Unequal access to clean and treated drinking water facilities is one factor widening the economic and health divide between households in slums and affluent areas around the world today.
Most economically developed population centers enjoy high levels of service at low cost, while the less advantaged pay a higher price for a service of similar or even lower quality, according to the United Nations (UN) World Water Development Report: Leaving No One Behind.
The UN document explains that in Mexico, for example, only 19% of poor third-grade primary school students attend schools with adequate water and sanitation facilities, compared to 84% of the country’s richest students at the same educational level.
This means that poverty is one element used to discriminate against service users.
Unequal access to water
In areas without water pipe networks, inhabitants depend mainly on aquifer wells or community supply systems such as water tankers. These usually supply very low-quality water at prices well above its value, which amplifies inequality among the population.
According to the National Institute of Public Health (INSP), about 842,000 low- and middle-income people die each year as a result of an unsafe water supply and poor sanitation and hygiene.
The institute warns that a lack of access to sufficient quantities of clean water directly affects inhabitants’ health and quality of life.

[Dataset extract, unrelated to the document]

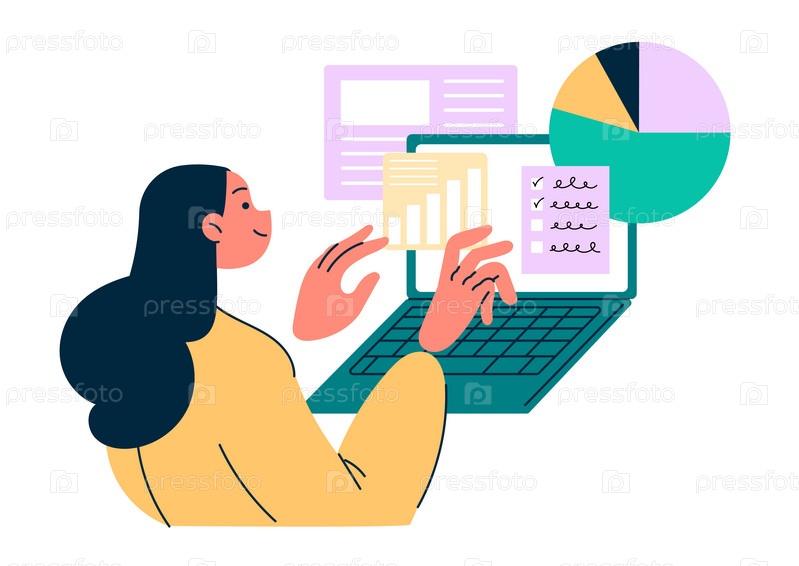 Деловая женщина, работающая онлайн за информацией о данных портативного компьютера

Although many diseases are linked to the use and consumption of polluted water, or to the lack of drinking water for hygiene and cleaning activities within homes, there are no precise statistics to quantify the correlation.

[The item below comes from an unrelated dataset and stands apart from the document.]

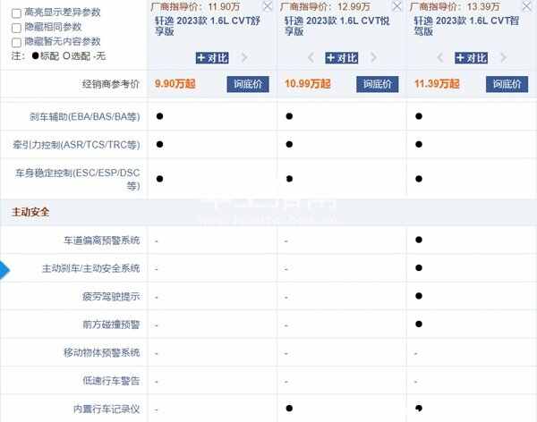 此外,轩逸的低配版车型没有车道偏离预警、疲劳驾驶提示、碰撞预警、前方移动物体预警、车道保持、导航等功能,在跑高速时车辆安全性有点低。特别是其中的疲劳驾驶提醒、车道保持、车道偏离预警等,对于需要跑高速的车主里说是非常重要的安全保障。

According to INSP data, 6.58 million incident cases and 99 million prevalent cases of diarrheal diseases were reported in 2019. Enteric (bacterial and parasitic) infections are the fifth most common cause of disability in children under five years of age.
Low-quality water
The lack of wastewater treatment plants with tertiary treatment systems (special physical and chemical processes which clean the water of specific pollutants: phosphorus, nitrogen, minerals, heavy metals, viruses, and organic compounds) and the absence of epidemiological surveillance programs (based on analysis of the biological and chemical qualities of water) are the biggest challenges that need to be faced, warns the Mexican Institute of Water Technology (IMTA).

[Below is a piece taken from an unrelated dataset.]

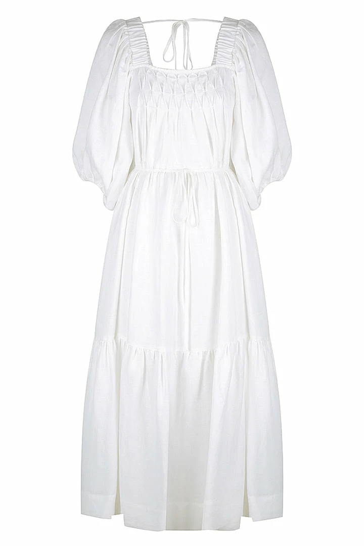 Square neck tiered midi dress in a premium linen blend.

In fact, between 2016 and 2019, IMTA detected that the available water had concentrations of arsenic and fluorides above those recommended by the World Health Organization (WHO), which in turn exceeded the maximum permissible levels established by Official Mexican Standard NOM-127-SSA1-1994 for environmental health.
Jürgen Mahlknecht, a research professor and national leader of the Water Science and Technology Research Group at Tecnológico de Monterrey, explains that the high concentrations of arsenic and fluorides in water generally come from the geological formations in which these elements are found, such as in the mountainous region in the center and north of the country.
“The increase in water extraction through increasingly deep wells exacerbates the situation,” explains the researcher via email in response to a query by TecScience.